§ **WORK TO COMPLETE**
With the pictures left out, please write out exactly each line from the one containing "Contemporary Kastel Denmark" through the end of the material.

§ **DATA PROVIDED**

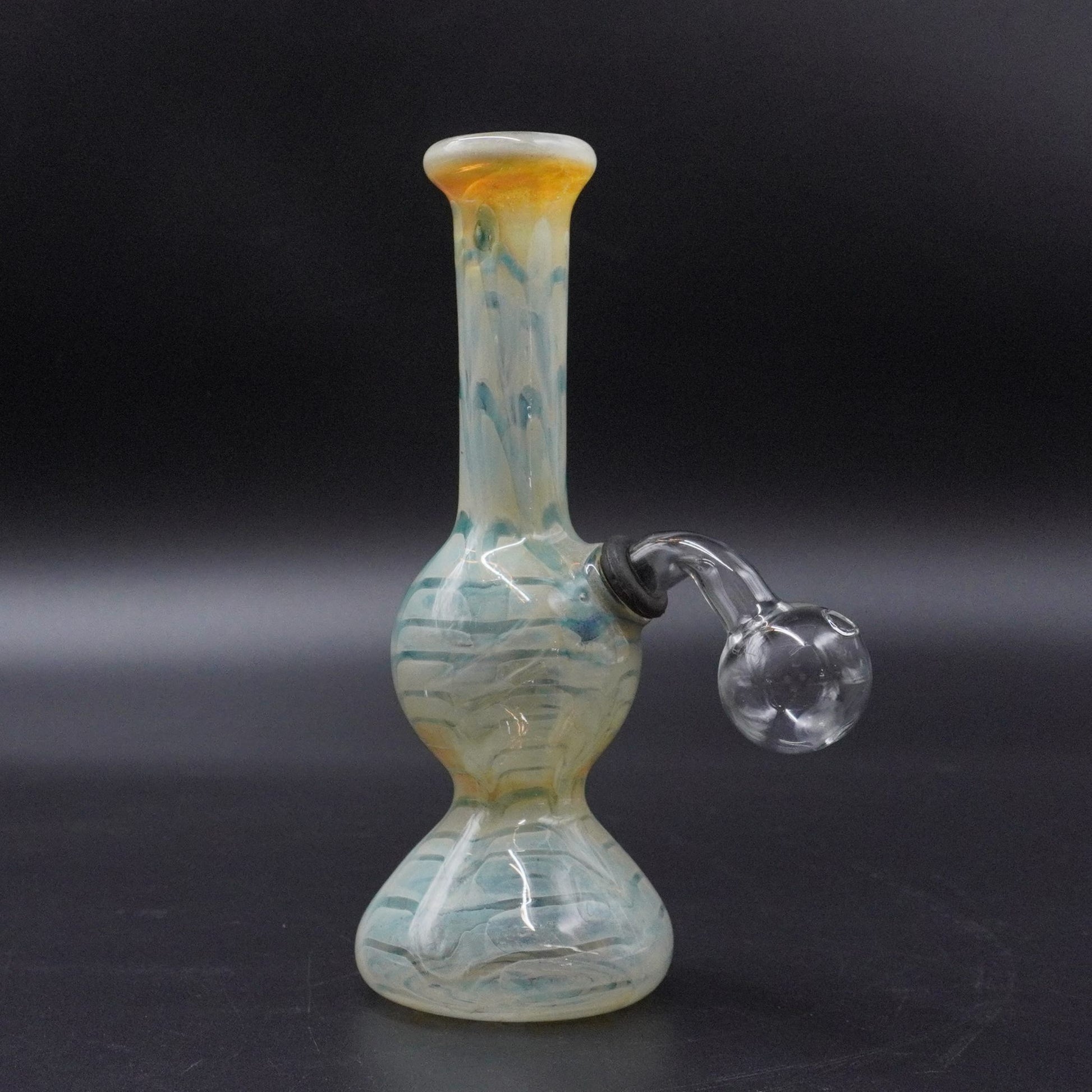 Embrace the serene beauty of the sea with the captivating "Ocean Mist" Fumed Glass Oil Burner! This enchanting mini rig features mesmerizing fumed glass with an iridescent, "sea glass" effect. Watch as subtle hues of blues, whites, and yellows shimmer and shift under different lighting, creating a tranquil visual experience reminiscent of ocean waves and arctic ice.
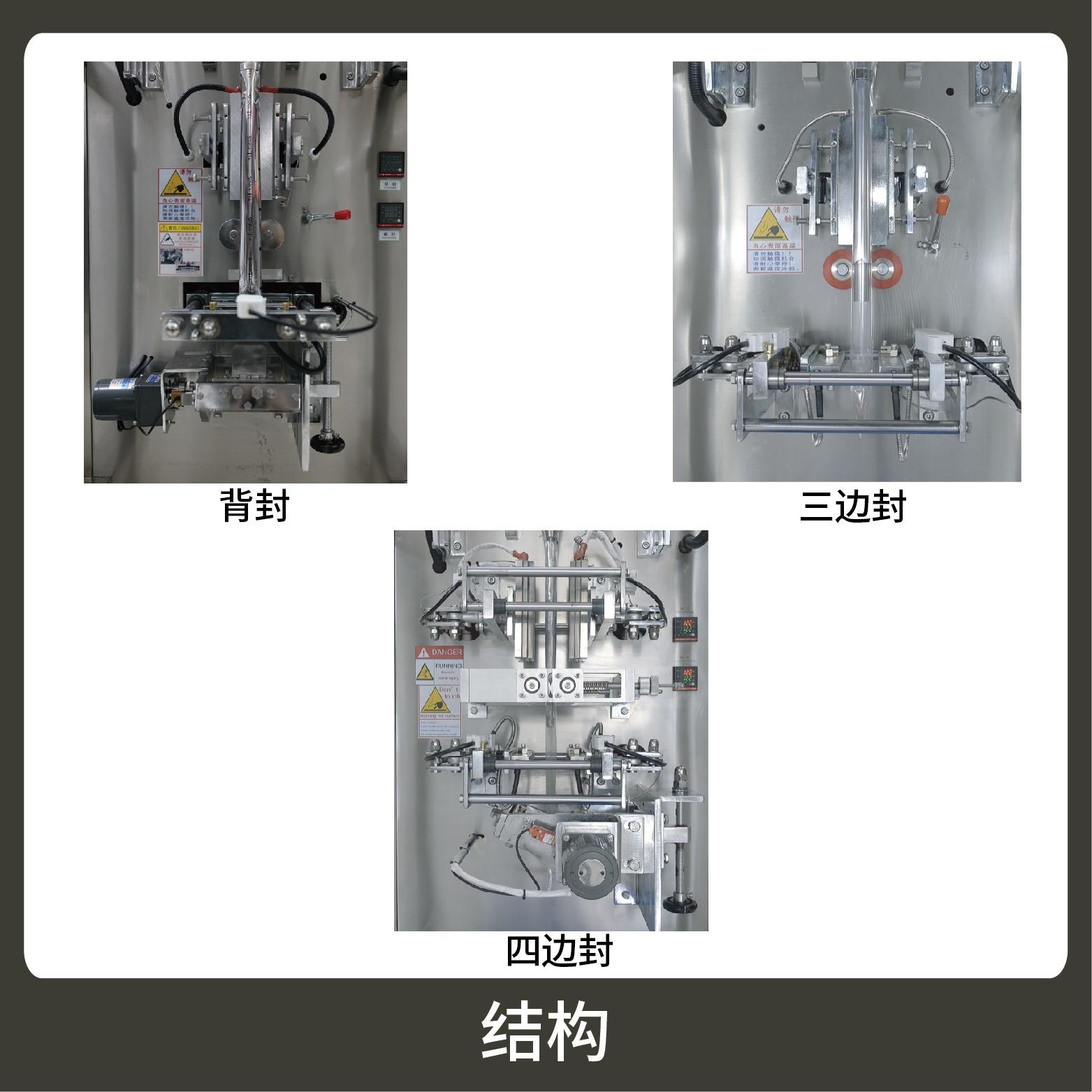 3、觸摸屏操作,PLC 控制,驅(qū)動(dòng)步進(jìn)電機(jī)控制袋長(zhǎng),性能穩(wěn)定、調(diào)整方便、檢測(cè)準(zhǔn)確。智能式溫控儀,PID調(diào)節(jié),保證將溫度的誤差范圍控制在1℃以?xún)?nèi)。
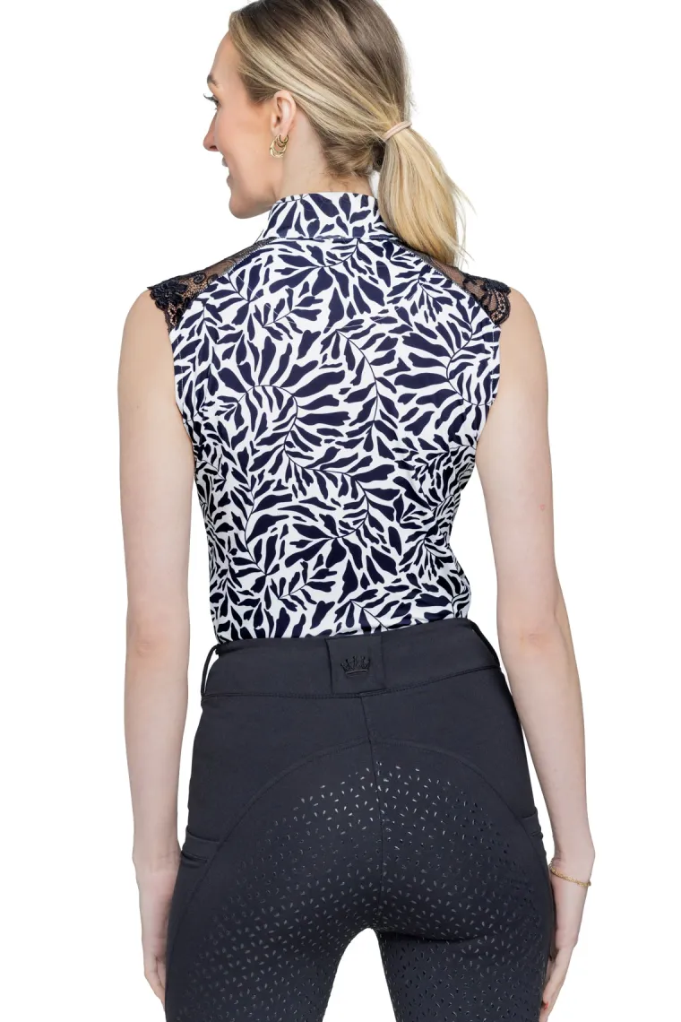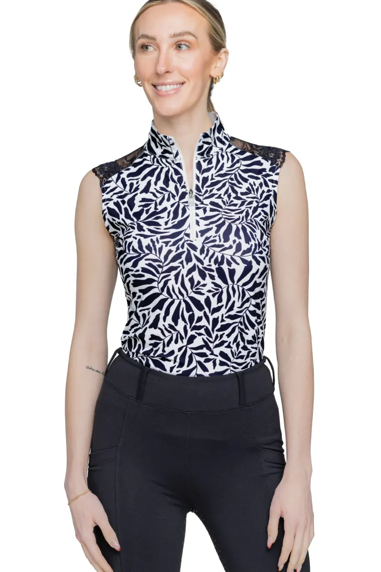 Contemporary Kastel Denmark Rue Sleeveless Shirt. Blackand white vine print paired with soft, stretchy four-way stretch. The feminine black lace makes our comfortable and versatile tank an true standout. UPF 30 bodice, 1/4 zip, soft 4-way stretch fabric in a modern fit.
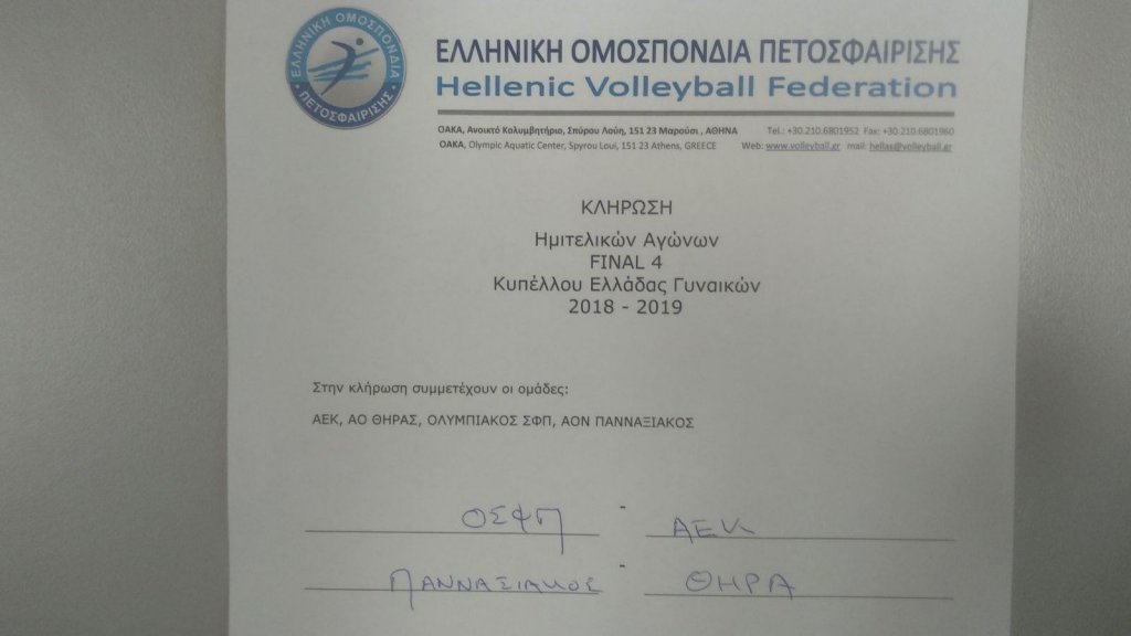 Συγκεκριμένα, Ολυμπιακός και ΑΕΚ θα τα πουν πριν τον τελικό στο Φάιναλ-4, ενώ το άλλο ζευγάρι είναι το Πανναξιακός – Α.Ο. Θήρας.

§ **TASK RESPONSE**
 Contemporary Kastel Denmark Rue Sleeveless Shirt. Blackand white vine print paired with soft, stretchy four-way stretch. The feminine black lace makes our comfortable and versatile tank an true standout. UPF 30 bodice, 1/4 zip, soft 4-way stretch fabric in a modern fit.
 Συγκεκριμένα, Ολυμπιακός και ΑΕΚ θα τα πουν πριν τον τελικό στο Φάιναλ-4, ενώ το άλλο ζευγάρι είναι το Πανναξιακός – Α.Ο. Θήρας.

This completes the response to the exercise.